The best development for Scott Kosmachuk is that his team's situation has helped him grow up fast.
The right wing has become an offensive leader for a very young Guelph Storm which is hanging around the fringes of the playoff race in the Ontario Hockey League's Western Conference playoff race. That has helped the 18-year-old Kosmachuk, who cops to having some issues with consistency, get on the NHL draft radar. If he can help the Storm squeak into the second season, it could do wonders for his draft stock.
"People don't expect us to do well because we're a young team, but we're a hard-working bunch and we're going to continue to develop," says Kosmachuk, who was 23rd among North American skaters in NHL Central Scouting's January midterm ranking.
The Richmond Hill, Ont., native likely falls in the range between having an outside chance at sneaking into the first round and being a more probable second-rounder. Kosmachuk can make plays at speed and is a strong north-south player. He is third in team scoring with 24 goals and 45 points in 51 games. At 5-foot-11 and 182 pounds, he's also willing to get his nose dirty; he's actually second on the Storm in penalty minutes, which is an odd distinction for a top-6 forward.

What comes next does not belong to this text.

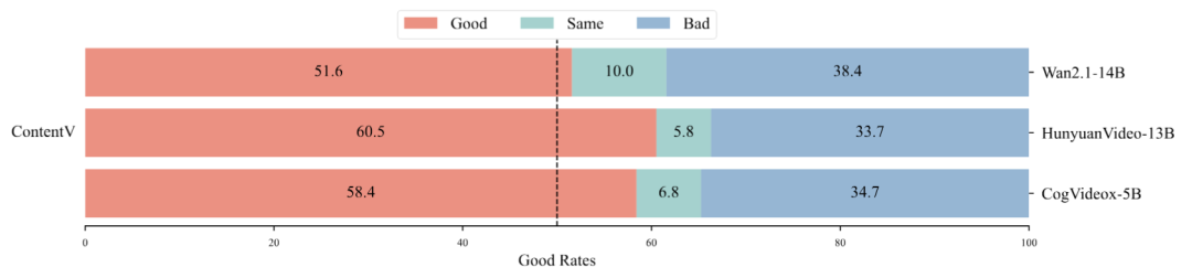 为更贴近真实用户偏好,研究团队围绕感知质量、指令跟随、物理一致性和视觉效果四个维度开展了人类偏好评估。结果显示,ContentV 在整体表现上与 CogVideoX-5B、HunyuanVideo-13B 和 Wan2.1-14B 等主流开源模型相比具有一定优势。

The Storm, who also have defenceman Matt Finn projected to go in the first round, are one of the more scouted OHL teams. For Kosmachuk, that means he has a chance to grow on the scouting community. He is hopeful he can block that out and focus.
"You just have to fun with it," says Kosmachuk, who played in the CHL/NHL Top Prospects Game two weeks ago. "You know the scouts are going to be there every game. I try to bring a lot of energy to my game and bring a lot of consistency, put up numbers offensively and play a good all-around game."
1. Apart from the obvious such as getting stronger and quicker, what skill do you need to improve the most before you can turn pro?
"I would say being consistent every game. Some games I have a lot of jump, some games I don't have a lot of jump. I've had patches of offensive streaks throughout the season, then got on and off."
2. Whom in the NHL do you watch closely and think, "I need to play more like he does" or "I see what he's doing and I can build that into my game?"
"I like to say I model my game after [Calgary Flames forward] Jarome Iginla. He's like a strong offensive forward, he plays an all-around game, tough and gritty. But then I watch Sidney Crosby and watch the little things he does, the little things I can incorporate into my game."
3. Outside of family, who has the greatest impact on you in hockey?
"I would have to say [Toronto minor hockey coach] Dan Brown. He was my coach all the way up to minor midget. I played for about 10 years under his coaching. He taught me everything I know, including a lot of little things that people don't teach you." (What was one specific example?) "When we were young, we had a team that was very strong and he started teaching us extra things, like getting extra low in your stride when you're breaking out so you can get extra speed when you're coming up the ice."
4. This is not really a question, but we understand you were a pretty accomplished cross-country runner in your younger days?
"Once I got into high school, I had to cut if off because I was focused on hockey, but I was a really good runner. Really loved it. I actually started about grade 3 or 4. My brother was playing for the Vaughan Kings and they did a training program where they ran every day and I just joined in. They were two years older than me so I wanted to show I could do it and I ended up being better than most of them."
5. What is your diversion when there is a time during the season when you just need to get your mind off hockey?
"Just go home and unwind. Toronto, Richmond Hill, is not too far from Guelph, so I get to go home occasionally and be with friends and just do my thing."